Politico's Eleanor Mueller also reported that Democrats plan to slash the program, initially proposed as 12 weeks but recently reduced to just four weeks, "from their mammoth social spending package Wednesday after attempts to drastically pare it down were deemed insufficient."

"Already, advocates are fuming over what they see as an unwillingness by the White House to fight hard enough for a policy it won [the 2020] election on," Mueller wrote in a series of tweets, "particularly in the face of a public health crisis and an economic crisis that disproportionately impacted women and low-wage workers."

"Groups launched an eleventh-hour push to keep paid leave in the package, sending mass emails and flooding social media," she added. "The hashtag #SavePaidLeave appeared in posts by Paid Leave for All, National Women's Law Center, and other groups along with advocates like Melinda Gates."

The advocacy group NARAL Pro-Choice America tweeted: "How can we rebuild without paid leave to keep families working and healthy? We need paid leave."

"It's outrageous and shameful that in the midst of a global pandemic that's forced more than two million women out of the workforce, Congress and the White House have put forward a preliminary legislative deal without paid family and medical leave," Molly Day, executive director of Paid Leave for the U.S. (PL+US), said in a statement Wednesday evening.

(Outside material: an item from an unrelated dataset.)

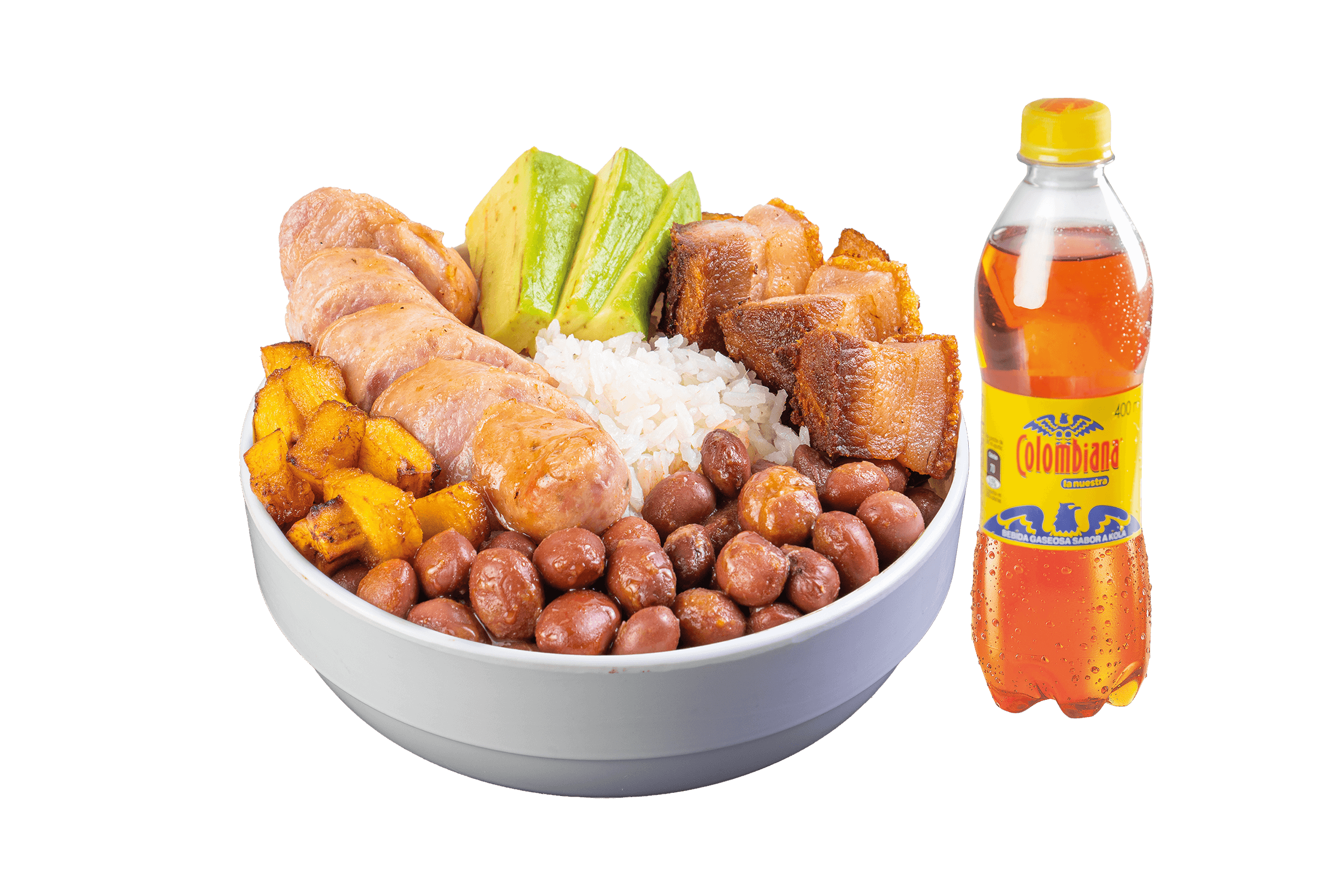 Frijol y arroz blanco + chorizo en rodajas + julianas de aguacate + chicharrón crocante + cubos de plátano maduro + 1 bebida personal

Day declared that "paid leave is an essential tool for building back better—for returning millions of women to the workforce after a historic she-cession, addressing the widening racial wealth gap and other socio-economic income disparities, and creating the business resiliency our national economy needs in 2021."

"Paid leave is about ensuring that no working person has to choose between their family and their paycheck, and the American people are not going to allow that essential human need to be ignored and negotiated away behind closed doors," she said. "Congress cannot accept a final Build Back Better deal without paid leave."

Women's March pointed to a Times report from Monday highlighting that the United States is one of just six nations with no national paid leave and it would still be an outlier with the proposed four-week plan, given what other countries offer.

Some critics of the cut took aim at Manchin, who suggested to CNN Wednesday evening that paid family and medical leave doesn't belong in the package, saying Democrats should be "examining all this stuff," but the reconciliation bill "is not the place to do it."

According to the Times, Sen. Patty Murray (D-Wash.), chair of the Senate Health, Education, Labor, and Pensions Committee, said that "we are not going to let one man tell millions of women in this country that they can't have paid leave."

Because Democrats are trying to use the filibuster-proof budget reconciliation process, they need support from the party's entire Senate caucus—including Manchin and Sen. Kyrsten Sinema of Arizona—to pass the package, which has been cut down to roughly $2 trillion in spending over a decade.

White House Press Secretary Jen Psaki said Wednesday afternoon that President Joe Biden wants a deal on the package—which is holding up a bipartisan infrastructure bill and is supposed to deliver on several of his campaign promises—"before he leaves for Europe" on Thursday.